■ WHAT TO WORK ON ■
Return the data verbatim, without pictures.

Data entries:
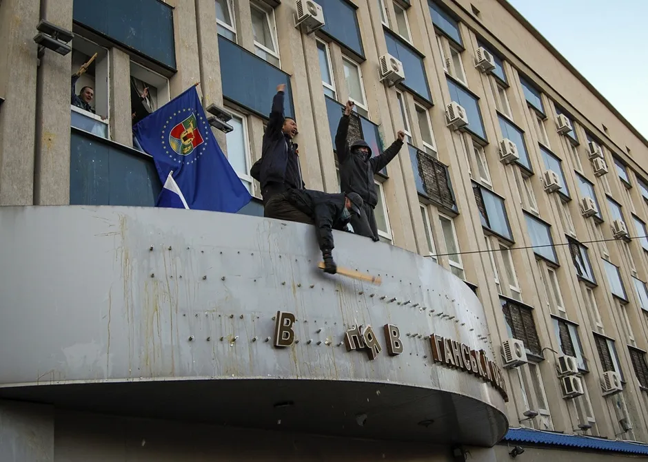 亲俄抗议者于2014年4月6日在乌克兰东部卢甘斯克州的国家安全局大楼上拆除标志。数十名抗议者冲进卢甘斯克附近的国家安全局办公室,造成两名抗议者和一名警察受伤,乌克兰一家电视台报道。路透社/记者
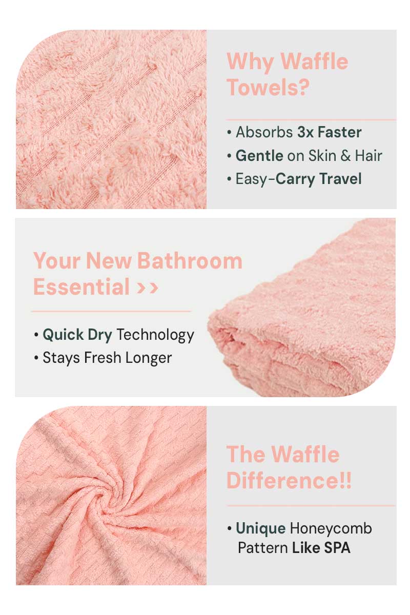 Imported Waffle Microfiber Towel | Honeycomb Pattern | Pale Peach Pink
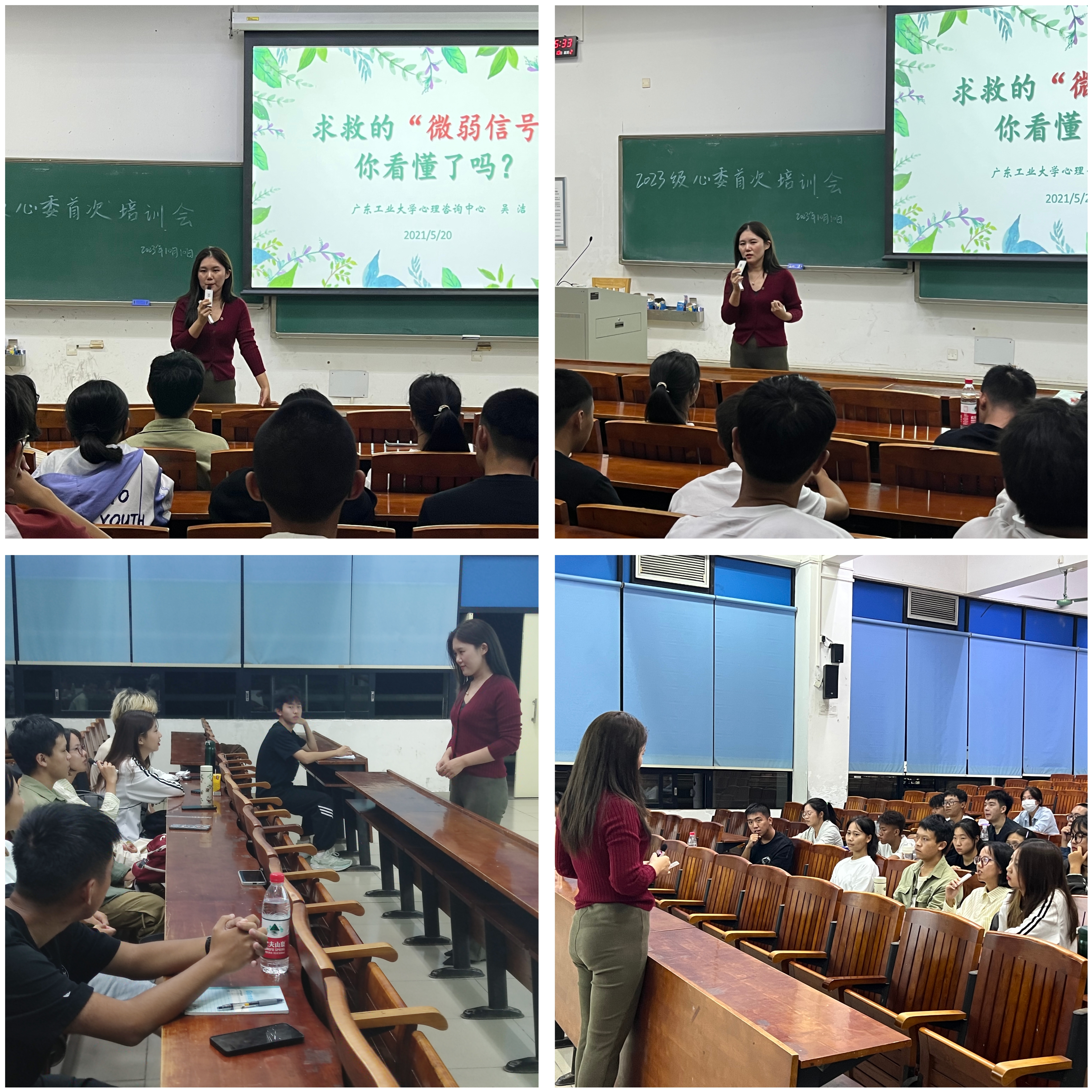 会上,校心协指导老师吴洁老师表达了对全体心理委员的关心,她认为,少有人是天生的疗愈者,大部分人是受伤的治疗师,心理学讲究助人自助,心理委员在帮助同学们的同时,也要学会调节自己的情绪,做到自我关怀。在吴洁老师与心理委员的互动中,她向心理委员们介绍了如何去识别“求救”的微弱信号,成为“心理危机”的发现者,时刻关注同学们的心理变化并及时疏导他们的心情。她也希望心理委员们能够与其他班委相互合作,多举办心理班会,帮助新生同学更好地适应大学生活,保护同学们的心理健康。
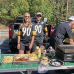Lauren Barnes stood behind a folding table decorated like a football field and lined with tailgating snacks. Her parents are season-ticket holders, so the group knows “all the tailgating tricks,” Barnes said.
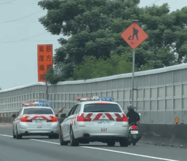 國道警察攔截騎上國道的機車女騎士。翻攝…
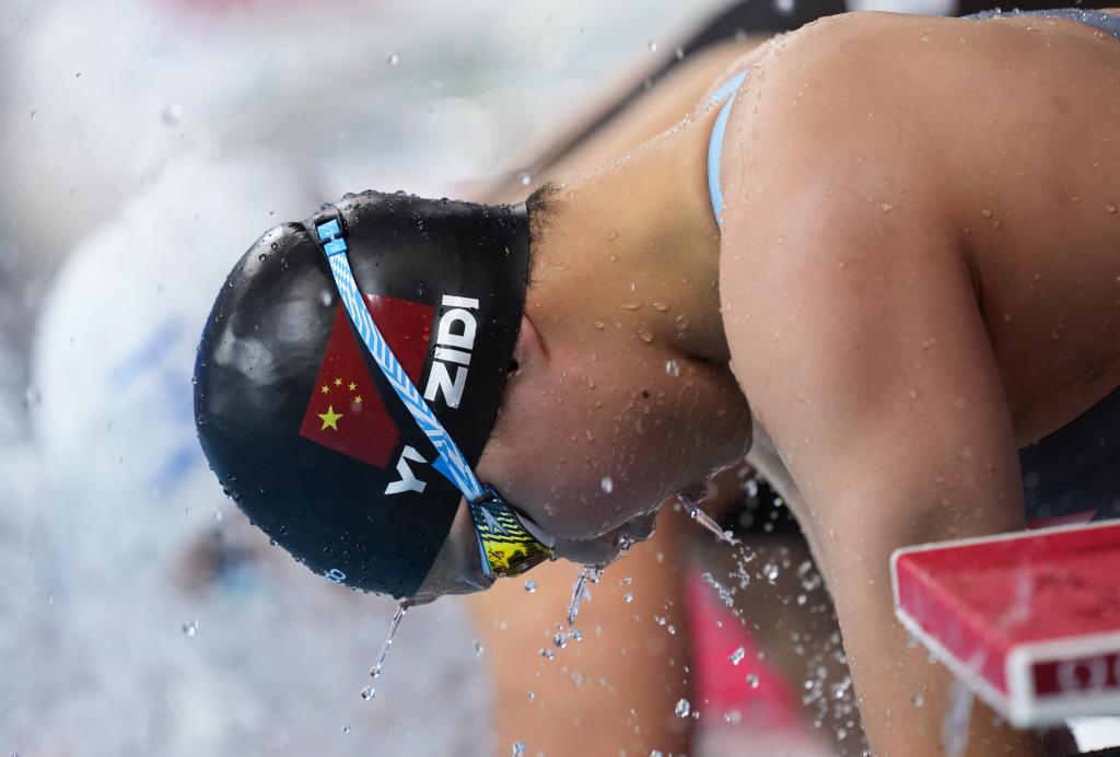 ↑7月27日,中国选手于子迪在世界游泳锦标赛游泳女子200米混合泳半决赛前。新华社记者 伍志尊 摄
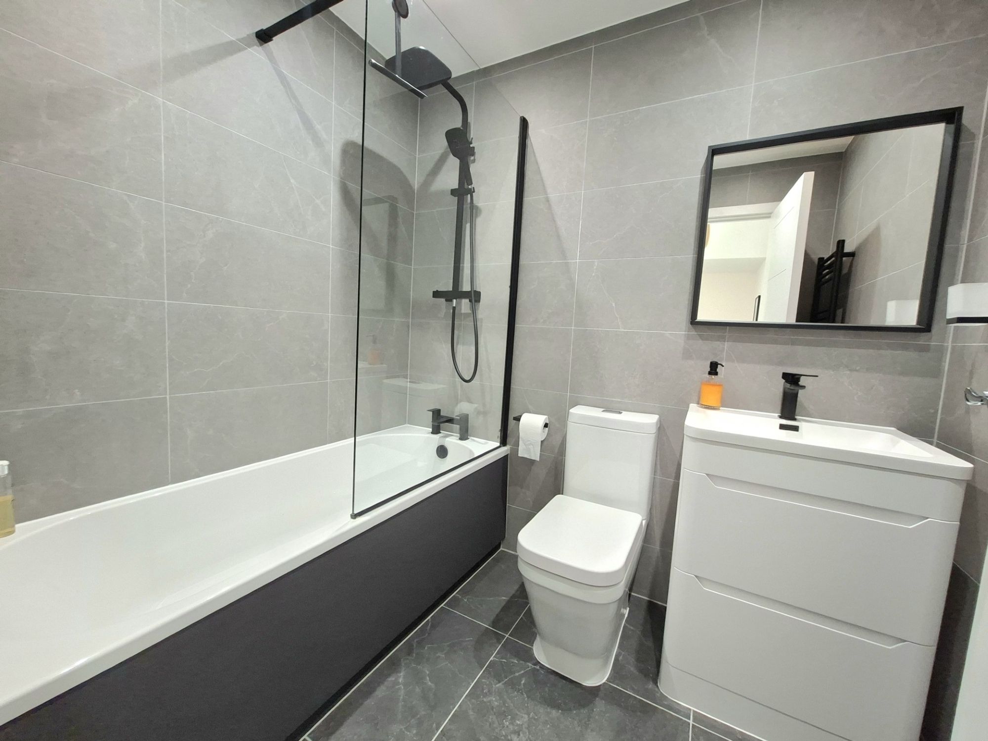 FAMILY BATHROOMThe family bathroom is very modern in design with floor to ceiling tiled walls and a shower over the bath with glass shower screen.
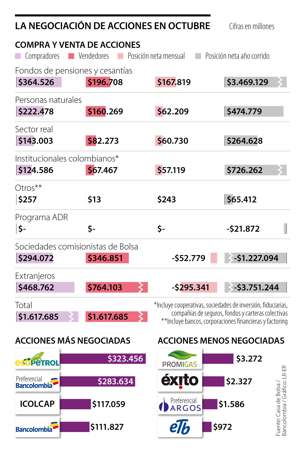 Por el lado de las ventas netas, los extranjeros las lideraron de nuevo en octubre, pues movieron $295.341 millones.
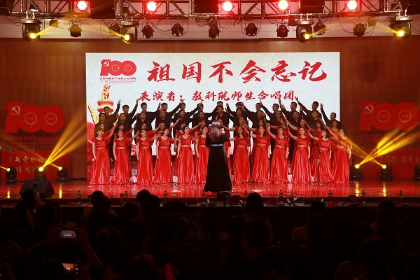 晚会在师生红歌合唱《祖国不会忘记》中拉开帷幕。由投注免费游戏 全体领导成员以及师生代表组成的合唱团用歌声向党的生日献上最真挚的祝福,用歌声赞扬了在祖国大地默默耕耘、无私奉献的人们。开场舞《一起跳舞吧》充分彰显了教科学子的蓬勃朝气。晚会分为三个篇章次第进行。第一篇章“青春拂晓,梦想起航”在红歌串烧中徐徐展开,百年征程书写光辉党史,筚路蓝缕绘就中华盛世。一首首经典红歌的背后是对老一辈同志峥嵘岁月的追忆,亦是对新时代少年风发意气的展望。现代舞《花枪》将国风元素融入新时代的鼓点,用舞姿演绎出巾帼不让须眉的气概。百年亦是风华正茂,诗朗诵《少年中国说》以饱满激昂的热情,铿锵有力的语调传递出少年复兴中华的坚定理想信念。

■ REPLY ■
 亲俄抗议者于2014年4月6日在乌克兰东部卢甘斯克州的国家安全局大楼上拆除标志。数十名抗议者冲进卢甘斯克附近的国家安全局办公室,造成两名抗议者和一名警察受伤,乌克兰一家电视台报道。路透社/记者
 Imported Waffle Microfiber Towel | Honeycomb Pattern | Pale Peach Pink
 会上,校心协指导老师吴洁老师表达了对全体心理委员的关心,她认为,少有人是天生的疗愈者,大部分人是受伤的治疗师,心理学讲究助人自助,心理委员在帮助同学们的同时,也要学会调节自己的情绪,做到自我关怀。在吴洁老师与心理委员的互动中,她向心理委员们介绍了如何去识别“求救”的微弱信号,成为“心理危机”的发现者,时刻关注同学们的心理变化并及时疏导他们的心情。她也希望心理委员们能够与其他班委相互合作,多举办心理班会,帮助新生同学更好地适应大学生活,保护同学们的心理健康。
Lauren Barnes stood behind a folding table decorated like a football field and lined with tailgating snacks. Her parents are season-ticket holders, so the group knows “all the tailgating tricks,” Barnes said.
 國道警察攔截騎上國道的機車女騎士。翻攝…
 ↑7月27日,中国选手于子迪在世界游泳锦标赛游泳女子200米混合泳半决赛前。新华社记者 伍志尊 摄
 FAMILY BATHROOMThe family bathroom is very modern in design with floor to ceiling tiled walls and a shower over the bath with glass shower screen.
 Por el lado de las ventas netas, los extranjeros las lideraron de nuevo en octubre, pues movieron $295.341 millones.
 晚会在师生红歌合唱《祖国不会忘记》中拉开帷幕。由投注免费游戏 全体领导成员以及师生代表组成的合唱团用歌声向党的生日献上最真挚的祝福,用歌声赞扬了在祖国大地默默耕耘、无私奉献的人们。开场舞《一起跳舞吧》充分彰显了教科学子的蓬勃朝气。晚会分为三个篇章次第进行。第一篇章“青春拂晓,梦想起航”在红歌串烧中徐徐展开,百年征程书写光辉党史,筚路蓝缕绘就中华盛世。一首首经典红歌的背后是对老一辈同志峥嵘岁月的追忆,亦是对新时代少年风发意气的展望。现代舞《花枪》将国风元素融入新时代的鼓点,用舞姿演绎出巾帼不让须眉的气概。百年亦是风华正茂,诗朗诵《少年中国说》以饱满激昂的热情,铿锵有力的语调传递出少年复兴中华的坚定理想信念。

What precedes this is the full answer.